**ACTION ITEM**:
Each line below is to be copied exactly; images do not go into the copy.

**EXERCISE MATERIAL**:
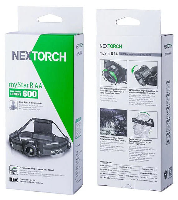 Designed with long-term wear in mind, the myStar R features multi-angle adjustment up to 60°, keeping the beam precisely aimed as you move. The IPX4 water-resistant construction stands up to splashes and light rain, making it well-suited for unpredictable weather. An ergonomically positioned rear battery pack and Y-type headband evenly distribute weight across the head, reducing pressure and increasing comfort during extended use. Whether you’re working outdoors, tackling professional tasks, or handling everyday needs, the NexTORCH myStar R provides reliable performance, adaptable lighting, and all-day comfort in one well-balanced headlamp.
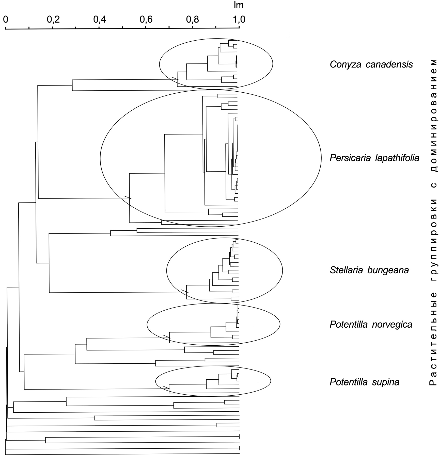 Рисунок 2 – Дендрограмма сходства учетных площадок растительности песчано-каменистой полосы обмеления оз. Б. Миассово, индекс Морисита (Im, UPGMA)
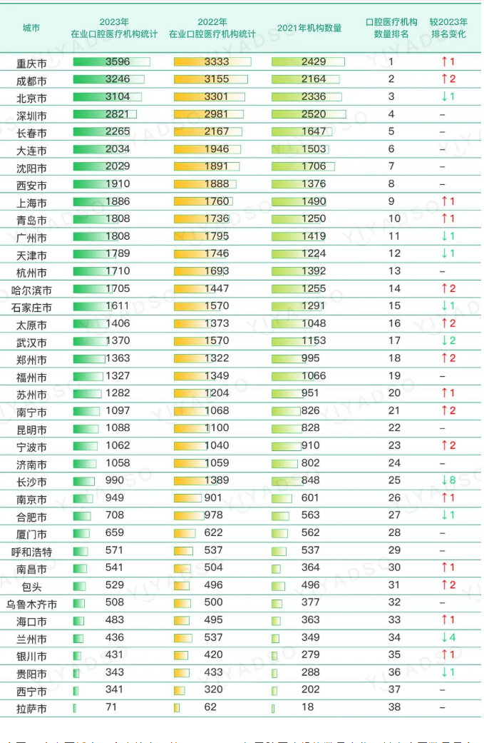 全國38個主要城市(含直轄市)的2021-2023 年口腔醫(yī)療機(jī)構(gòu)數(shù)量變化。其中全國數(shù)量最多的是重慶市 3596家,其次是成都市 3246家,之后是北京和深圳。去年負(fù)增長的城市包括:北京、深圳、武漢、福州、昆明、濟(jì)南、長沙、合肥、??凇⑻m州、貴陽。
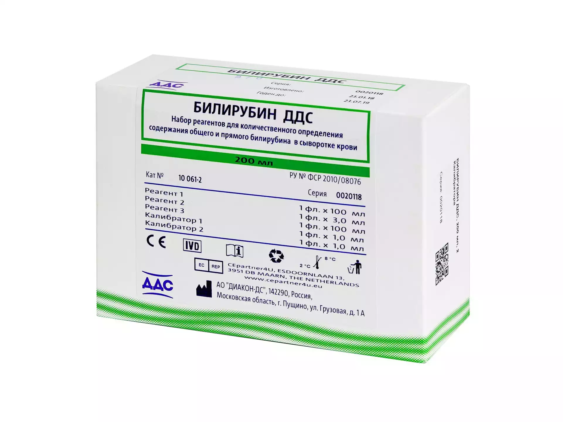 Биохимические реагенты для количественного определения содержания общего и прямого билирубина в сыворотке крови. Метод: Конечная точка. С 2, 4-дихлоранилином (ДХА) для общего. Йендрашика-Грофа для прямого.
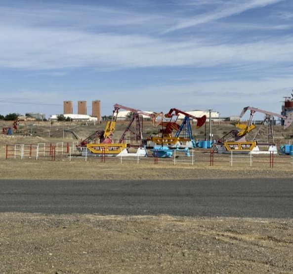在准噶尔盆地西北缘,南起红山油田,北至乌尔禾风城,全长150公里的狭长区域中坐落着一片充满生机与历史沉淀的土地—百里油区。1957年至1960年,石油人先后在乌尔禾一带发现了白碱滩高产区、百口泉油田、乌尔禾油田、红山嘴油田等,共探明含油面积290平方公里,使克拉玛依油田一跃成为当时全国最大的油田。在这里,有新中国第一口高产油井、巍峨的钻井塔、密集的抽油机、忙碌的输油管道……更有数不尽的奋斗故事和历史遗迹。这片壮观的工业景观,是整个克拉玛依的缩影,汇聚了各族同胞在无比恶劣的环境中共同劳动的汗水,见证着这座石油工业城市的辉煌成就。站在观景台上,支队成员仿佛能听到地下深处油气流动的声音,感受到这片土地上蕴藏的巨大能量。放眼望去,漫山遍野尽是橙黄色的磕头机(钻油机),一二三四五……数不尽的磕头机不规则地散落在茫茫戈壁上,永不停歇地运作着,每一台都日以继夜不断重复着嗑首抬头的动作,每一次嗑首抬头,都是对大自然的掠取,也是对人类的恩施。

**RESPONSE TO THE EXERCISE**:
 Designed with long-term wear in mind, the myStar R features multi-angle adjustment up to 60°, keeping the beam precisely aimed as you move. The IPX4 water-resistant construction stands up to splashes and light rain, making it well-suited for unpredictable weather. An ergonomically positioned rear battery pack and Y-type headband evenly distribute weight across the head, reducing pressure and increasing comfort during extended use. Whether you’re working outdoors, tackling professional tasks, or handling everyday needs, the NexTORCH myStar R provides reliable performance, adaptable lighting, and all-day comfort in one well-balanced headlamp.
 Рисунок 2 – Дендрограмма сходства учетных площадок растительности песчано-каменистой полосы обмеления оз. Б. Миассово, индекс Морисита (Im, UPGMA)
 全國38個主要城市(含直轄市)的2021-2023 年口腔醫(yī)療機(jī)構(gòu)數(shù)量變化。其中全國數(shù)量最多的是重慶市 3596家,其次是成都市 3246家,之后是北京和深圳。去年負(fù)增長的城市包括:北京、深圳、武漢、福州、昆明、濟(jì)南、長沙、合肥、??凇⑻m州、貴陽。
 Биохимические реагенты для количественного определения содержания общего и прямого билирубина в сыворотке крови. Метод: Конечная точка. С 2, 4-дихлоранилином (ДХА) для общего. Йендрашика-Грофа для прямого.
在准噶尔盆地西北缘,南起红山油田,北至乌尔禾风城,全长150公里的狭长区域中坐落着一片充满生机与历史沉淀的土地—百里油区。1957年至1960年,石油人先后在乌尔禾一带发现了白碱滩高产区、百口泉油田、乌尔禾油田、红山嘴油田等,共探明含油面积290平方公里,使克拉玛依油田一跃成为当时全国最大的油田。在这里,有新中国第一口高产油井、巍峨的钻井塔、密集的抽油机、忙碌的输油管道……更有数不尽的奋斗故事和历史遗迹。这片壮观的工业景观,是整个克拉玛依的缩影,汇聚了各族同胞在无比恶劣的环境中共同劳动的汗水,见证着这座石油工业城市的辉煌成就。站在观景台上,支队成员仿佛能听到地下深处油气流动的声音,感受到这片土地上蕴藏的巨大能量。放眼望去,漫山遍野尽是橙黄色的磕头机(钻油机),一二三四五……数不尽的磕头机不规则地散落在茫茫戈壁上,永不停歇地运作着,每一台都日以继夜不断重复着嗑首抬头的动作,每一次嗑首抬头,都是对大自然的掠取,也是对人类的恩施。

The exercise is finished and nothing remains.